Need I say more ? Là ce n’est pas que le personnage de Mal Reynolds, c’est vraiment Nathan. Il suffit d’avoir vu ou lu une interview de lui, ou bien une vidéo de convention, pour comprendre qu’il est drôle, adorable, intelligent... et Canadien en plus ! Si si, c’est souvent bon signe (attention, Canadien pas Québécois). Tous les acteurs de Firefly s’accordent à dire que c’était aussi leur capitaine hors caméra, pas dans le sens où il jouait les chefs, mais dans le sens où il était celui qui les rassemblait, qui leur permettait de garder espoir même après l’annulation de la série... Et il en va de même pour les fans : il était présent sur les forums, il a toujours été très abordable lors des conventions et autre. Et on peut maintenant ajouter qu'il sait chanter! "Everyone's a hero in their own... WAYYYYY!"

-John Barrowman

alias Captain Jack Harkness
Ou l’acteur dont les femmes regrettent le plus qu’il soit gay depuis les beaux jours de Rupert Everett.

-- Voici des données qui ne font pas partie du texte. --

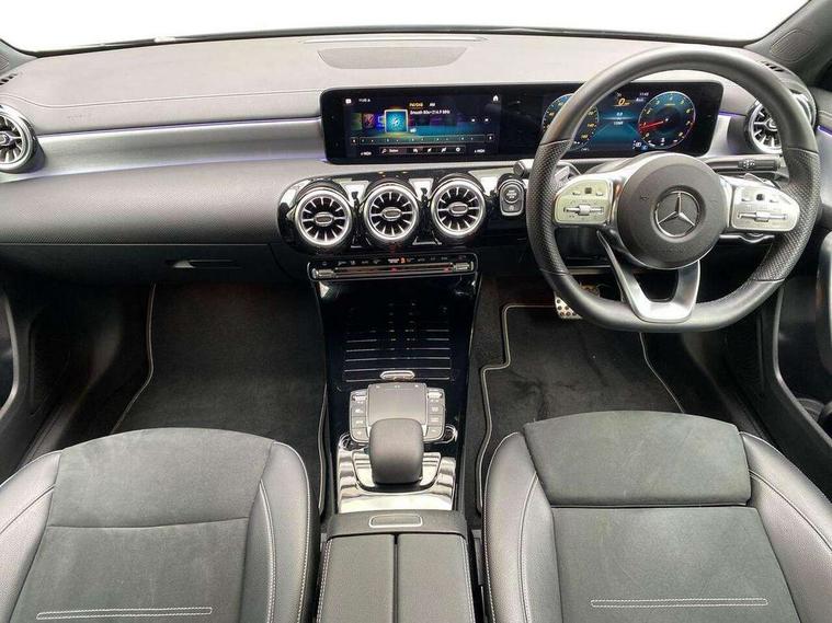 10.25" Digital instrument cluster display screen, 10.25" media display, 180 degree rear view camera with parking guidelines, Active parking assist with visual and audible warning of detected obstacles, Attention assist, Brake pad wear indicator warning light, Car wash mode, Cruise control + speed limiter, Direct steering, Dual bluetooth interfaces, DYNAMIC SELECT with a choice of driving modes (ECO, Comfort, Sport and Individual), ECO start/stop function, Fluid level warning indicator for fuel, oil, coolant and washer fluid, Hard-disk navigation, Hey Mercedes Voice activation, Lamp failure indicator, Lane keeping system, Mercedes me connect including emergency call system, accident recovery, breakdown and maintenance management, Mercedes me remote services, Outside temperature gauge, Owners manual in English, Pre-installation for private car sharing, Preinstallation for Mercedes Benz link, Service indicator (ASSYST), Smartphone integration with Apple CarPlay and Android auto, Speed sensitive power steering, Trip computer, Ultrasonic sensors positioned in the front and rear bumpers, Lowered comfort suspension, Rear axle torsion beam, 10 speakers, 2 USB ports (type C) in rear stowage compartment and one in front of center console, DAB Digital radio, MBUX multimedia system with DAB digital radio and touchpad including satellite navigation, Mercedes-Benz sound system - 100W, 4 Electric Front and Rear windows, Adaptive brake lights, AMG bodystyling - Front apron with splitter in chrome, rear apron with chrome trim and chrome visible trim elements in tailpipe, Black weather strip, Body colour bumpers, Body colour door handles, Body colour side skirt, Body coloured door mirrors, Electric adjustable and heated door mirrors with integrated LED side indicators, Exclusive diamond radiator grille, Exhaust system - Twin visible tailpipes in polished stainless steel, Headlamp assist automatic headlamp activation, Heated glass rear windscreen + timer control, High gloss black beltline, LED High level third brake light, LED high performance headlamps with integrated LED daytime running lights, LED tail lamp, Privacy glass, Radio aerial, Rain sensing windscreen wipers with two sensitivity settings, Rear fog lights, Rear wiper, Window line trim strip in high gloss black, 3 Spoke flat bottom leather multi function steering wheel with perforated leather in grip area, 40:20:40 split folding rear seats, Artico man-made leather/Microfibre Dinamica upholstery with contrast stitching in light grey, Auto Mercedes-Benz child seat recognition sensor, Black air vents with surround in silver chrome, Black roof lining, Brushed stainless steel sports pedals with rubber studs, Controller on centre console with chrome surround, Floor mats with black top stitching and embroidered edition logo and piping in light grey, Front centre armrest with storage compartment, Front seat backs luggage nets, Front seat cushion length adjustment, Galvanished gear shift paddles on steering wheel, Heated front seats, Height/reach adjustable steering column, Illuminated front door sills with changeable cover, Interior lighting - 64 colour Ambient lighting, Interior mirror with reading lamps in black and frameless, Manual height adjustable front seats, Rear armrest with 2 cupholders, Rear head restraints, Seat occupancy sensor for front passenger seat, Sports seats with integrated headrests, Stowage compartment in centre console with retractable cover, Sunvisors with illuminated vanity mirrors, Touchpad on center console, Twin front cupholders, Two zone thermotronic luxury automatic climate control, Light and sight pack - A Class, Mirror package - A Class, Night pack - A Class Saloon/Hatchback, Seat comfort pack - A Class, 3 rear 3 point seatbelts, ABS with Brake Assist, Active bonnet, Active brake assist includes forward collision warning system with autonomous braking, Adaptive brake assist with hold function and hill start assist, Black seatbelts, Childproof locks manually operated for rear doors and electrically operated for rear power windows, Crash responsive emergency lighting, Driver and passenger head and side airbags, Drivers knee airbag, Dual stage driver/passenger airbags, Electronic parking brake, ESP curve dynamic assist, ESP with ASR, Front and rear seatbelt reminder, Front brake callipers with Mercedes Benz lettering, ISOFIX and top tether child seat fixing points in two outer rear seats, Tyre pressure monitoring system, Warning triangle and first aid kit, Window airbags, Alarm system/interior protection/immobiliser, Keyless entry lock/unlock, Keyless Go, Remote central locking and crash sensor with emergency opening function, Urban guard vehicle protection system with immobiliser and interior protection, Matrix look light longitudinal grain aluminium trim element, 18" AMG 5 twin spoke light alloy wheels aerodynamically optimised painted in black with highsheen finish, Summer tyres, Tirefit sealant kit,
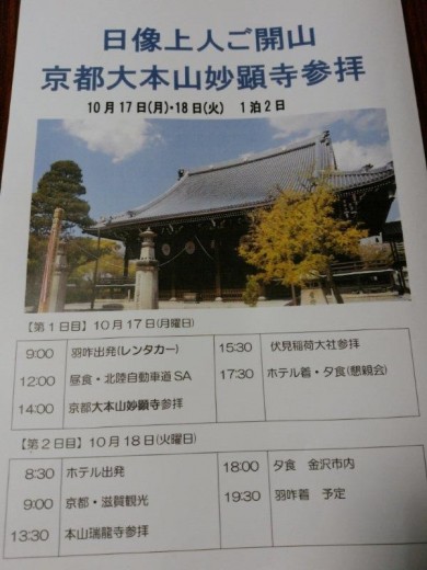 本年の団参は、10月17・18日に京都の日蓮宗大本山妙顕寺様と、滋賀の本山瑞龍寺様を参拝します。 …
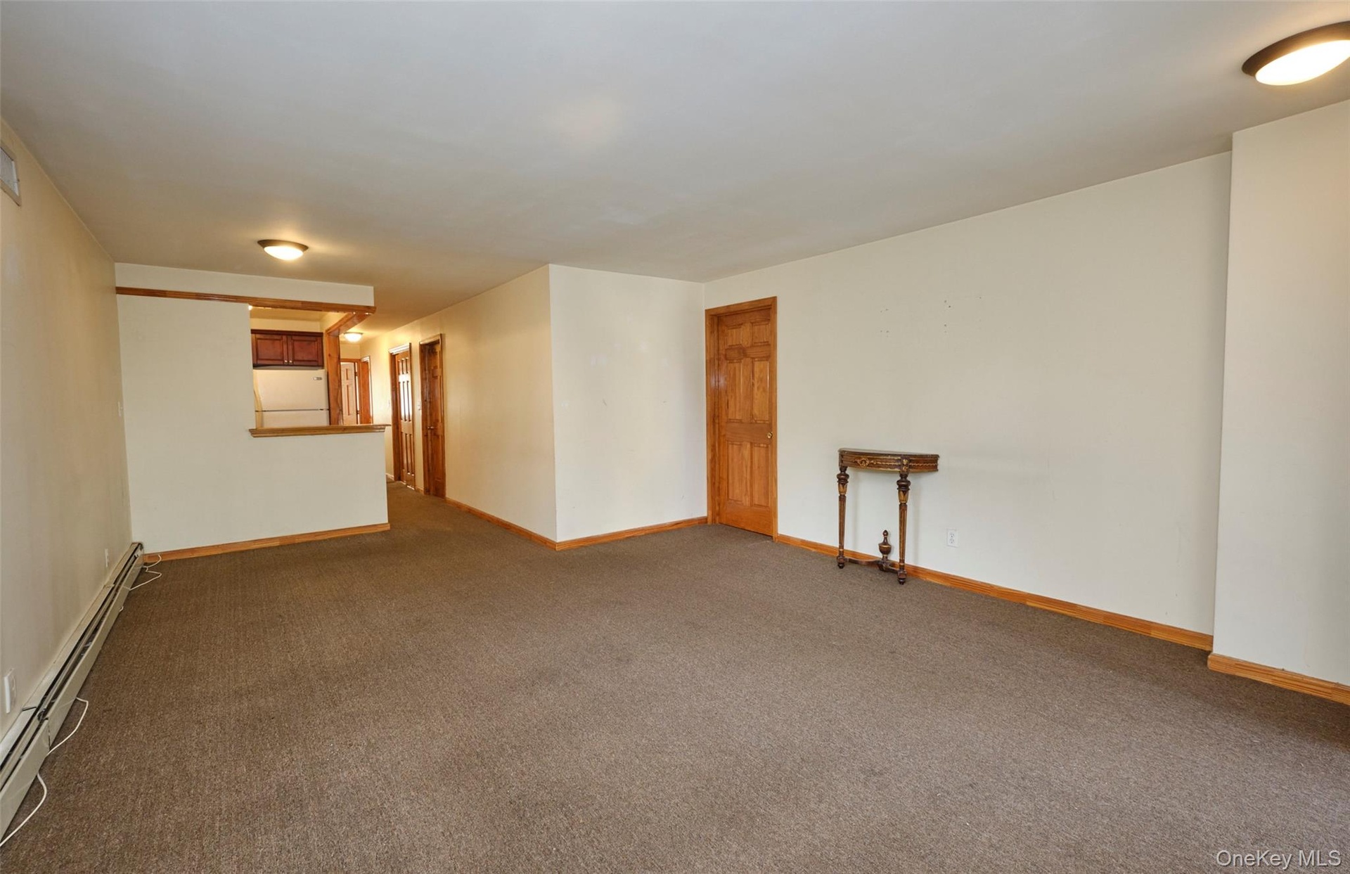 - Unfurnished living room with a baseboard radiator and light colored carpet

Il a même épousé son compagnon, Scott. Bon, lui aussi je le connais surtout pour un rôle donc c’est peut-être uniquement le personnage. Ou le physique. Quoique... il chante bien aussi. Il est surtout connu dans le milieu des comédies musicales au départ (cliché !). Ecossais de naissance il a vécu aux Etats-Unis pendant longtemps ce qui lui donne un accent intéressant, et changeant selon les interlocuteurs. Pour avoir vu quelques interviews de lui, il a l’air très porté sur la chose (cliché !). Et pour les fans de Buffy, il faut voir le premier épisode de la saison 2 de Torchwood, Kiss Kiss Bang Bang, où lui et James Marsters (Spike) ont une scène... mémorable.

-Jason Mraz

Oui bon, quand on a des obsessions hein...Là c’est l’ensemble. L’auteur-compositeur, le chanteur et la personnalité qu’on découvre dans les blogs, les interviews et les vidéos. Oh, comme c’était bien les vidéos Invisible Microphone News ! Enfin bref, je parle de lui tous les deux blogs alors je vais arrêter.

En vrac :
-Los Bluth Hermanos, Jason Bateman (les cheveux ! il a joué dans Ricky ou la Belle Vie !) et Will Arnett (la voix ! l’air guitar !)


-récemment David Cook mais ça va peut-être passer (ils l’ont vraiment relooké mine de rien, un peu de barbe, une mèche qui change de côté et ça change tout !)


-j’ai eu ma période Vince Vaughn après l’avoir vu remplacer David Letterman il y a quelques années mais il s’est un peu laissé aller depuis...


-Callum Blue, ah Mason, Mason, Mason...


-James McAvoy, que j’ai découvert assez récemment. A chaque fois que j’en entendais parler je me demandais pourquoi tout le monde avait l’air aussi dingue de lui. Et puis j’ai vu Atonement et j’ai commencé à comprendre. Je l’ai vu aussi en interview récemment dans le Daily Show et il est drôle en plus ! Et il a un bon accent écossais.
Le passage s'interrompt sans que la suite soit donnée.